*** Opening of Task material ***
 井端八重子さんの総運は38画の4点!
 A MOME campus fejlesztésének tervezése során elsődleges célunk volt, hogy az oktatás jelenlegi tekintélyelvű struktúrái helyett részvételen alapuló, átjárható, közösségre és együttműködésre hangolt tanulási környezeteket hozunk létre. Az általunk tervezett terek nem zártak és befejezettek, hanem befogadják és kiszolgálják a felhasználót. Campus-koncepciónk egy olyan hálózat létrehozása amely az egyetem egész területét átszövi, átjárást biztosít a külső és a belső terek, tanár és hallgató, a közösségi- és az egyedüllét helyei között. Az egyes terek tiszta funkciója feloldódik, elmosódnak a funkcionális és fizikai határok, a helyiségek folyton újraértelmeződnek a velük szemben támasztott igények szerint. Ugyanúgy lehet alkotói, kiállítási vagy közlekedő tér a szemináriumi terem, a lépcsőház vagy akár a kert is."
*** Close of Task material ***
*** Opening of Task material ***
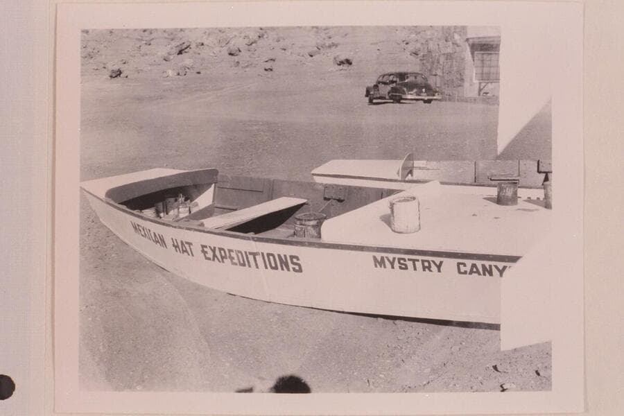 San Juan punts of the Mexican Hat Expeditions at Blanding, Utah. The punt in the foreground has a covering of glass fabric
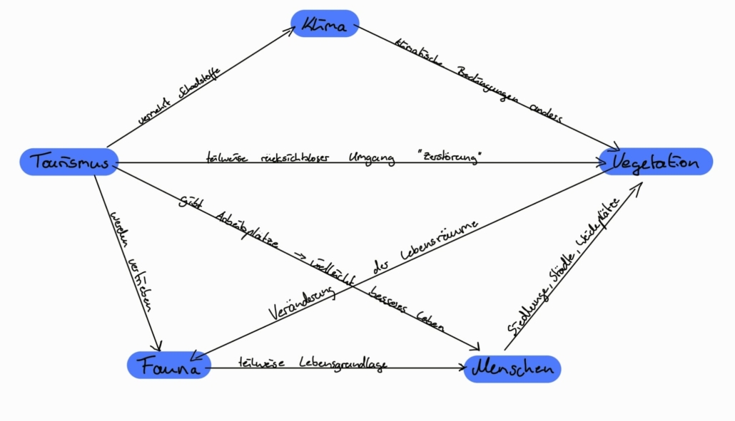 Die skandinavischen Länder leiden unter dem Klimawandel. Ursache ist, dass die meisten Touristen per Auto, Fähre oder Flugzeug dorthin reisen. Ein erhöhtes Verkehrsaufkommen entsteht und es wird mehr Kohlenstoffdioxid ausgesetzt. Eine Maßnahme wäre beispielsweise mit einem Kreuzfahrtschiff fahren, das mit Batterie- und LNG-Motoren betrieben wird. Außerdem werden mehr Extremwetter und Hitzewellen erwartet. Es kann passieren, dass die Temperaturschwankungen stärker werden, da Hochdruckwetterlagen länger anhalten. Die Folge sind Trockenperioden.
*** Close of Task material ***
*** Opening of Task material ***
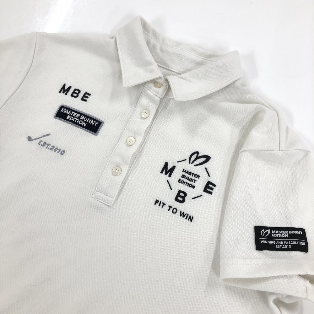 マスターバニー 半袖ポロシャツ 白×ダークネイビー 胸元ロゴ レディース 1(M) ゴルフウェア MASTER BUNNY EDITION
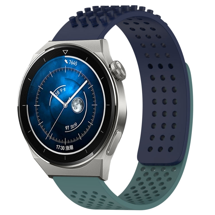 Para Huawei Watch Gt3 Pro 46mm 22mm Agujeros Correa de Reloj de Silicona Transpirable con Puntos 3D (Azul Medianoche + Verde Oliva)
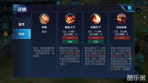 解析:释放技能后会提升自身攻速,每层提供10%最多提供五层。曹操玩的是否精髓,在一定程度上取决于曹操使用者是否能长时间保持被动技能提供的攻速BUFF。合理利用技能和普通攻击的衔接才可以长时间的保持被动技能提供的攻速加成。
*** Close of Task material ***
=== What this task involves ===
Look above for the line with "マスターバニー 半袖ポロシャツ 白×ダークネイビー", then give again exactly every line from there through the line with "解析:释放技能后会提升自身攻", skipping the pictures.

=== Result ===
 マスターバニー 半袖ポロシャツ 白×ダークネイビー 胸元ロゴ レディース 1(M) ゴルフウェア MASTER BUNNY EDITION
 Para Huawei Watch Gt3 Pro 46mm 22mm Agujeros Correa de Reloj de Silicona Transpirable con Puntos 3D (Azul Medianoche + Verde Oliva)
 解析:释放技能后会提升自身攻速,每层提供10%最多提供五层。曹操玩的是否精髓,在一定程度上取决于曹操使用者是否能长时间保持被动技能提供的攻速BUFF。合理利用技能和普通攻击的衔接才可以长时间的保持被动技能提供的攻速加成。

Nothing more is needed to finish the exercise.